One such victory, Kavadias said, will lead to another.
“As more people go to Reform and Conservative rabbis to be married — even though their weddings are not recognized — at some point, the government will be forced to recognize them. How can they have all these married people not recognized? The same will be with kashrut and with the bris. It’s just a matter of time,” she said.
ARZA’s activities go beyond politics and policy. Before Hamas and Israel agreed to a cease-fire last week, a bat mitzva was relocated from the southern Israeli community of Sha’ar Hanegev to a Reform congregation in Tzur Hadassah, a suburb of Jerusalem. ARZA provided a connection so that the bat mitzva could be streamed to family and friends in bomb shelters or scattered around the country. “People logged in from all over the world,” said Kavadias. “It was very important to the people in Israel to feel that they were not alone, to provide this connection to community around the world.”
Kavadias has spent much of her working life in advocacy.
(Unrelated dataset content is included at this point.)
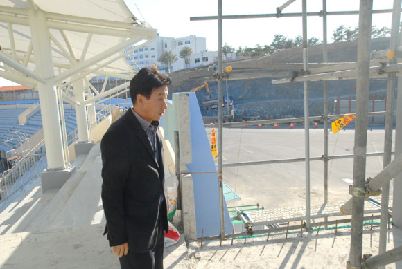 요즘 손동렬 과장은 완벽한 대회준비를 위해 바쁜 나날들을 보내고 있다. 특히 영천시민운동장을 새롭게 조성하는데 손 과장은 모든 열정을 불태우고 있다. 먼저 유해성분에 대한 인식을 없애기 위해 시민운동장 우레탄 전체를 교체하고 있으며 불편했던 관람객 의자도 교체하고 있다. 여기다 장애인 편의시설인 엘리베이터와 관람대를 운동장에 설치하고 있다. 뿐만 아니라 금호체육관 지붕공사 등 21개 종목이 개최되는 체육관과 체육시설 전부 점검하고 있기 때문에 사무실에 앉아있을 시간이 없을 정도다.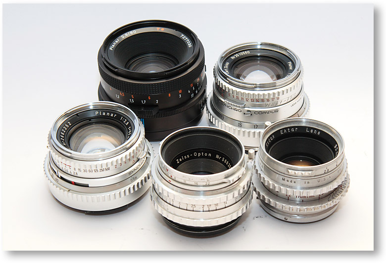 左上からプラナーFE80ミリ、プラナーC80ミリ(6枚玉)、左下がプラナーC80ミリ、テッサー80ミリ、コダックエクター80ミリ。

Most recently she was the director of field services for the Religious Coalition for Reproductive Choice; she became executive director of its NJ region in 1993. Before that, she was a staffer and cochair of the Reproductive Rights Task Force of the Wisconsin Women’s Network.
She stepped down from her elected position as district representative for the Democratic Party in Randolph in September to accommodate the increasing workload and hectic schedule at ARZA, where she had been serving as director of development before stepping into her new role.
Another Jerseyan, Rabbi Bennett F. Miller, senior rabbi at Anshe Emeth Memorial Temple in New Brunswick, was installed last month as chair of ARZA.
Kavadias said the move from local politics to Israel advocacy came through soul-searching following the death of her husband, Bruce Tillinger, in 2008.
“After such a big loss, I wanted to work for my own community and feel like I was building something. Building democracy and a Reform community in Israel seemed like the right place for me to be. It was positive, something in keeping with my spirit, my neshama, and it’s been really fulfilling,” she said. “Israel may be halfway around the world, but what happens in Israel affects the identity of Jews around the world. We all have the possibility of making aliya. It’s in our hearts and part of who we are.
“In some ways, Israel is closer to home than working for the Democratic Party in my own hometown.”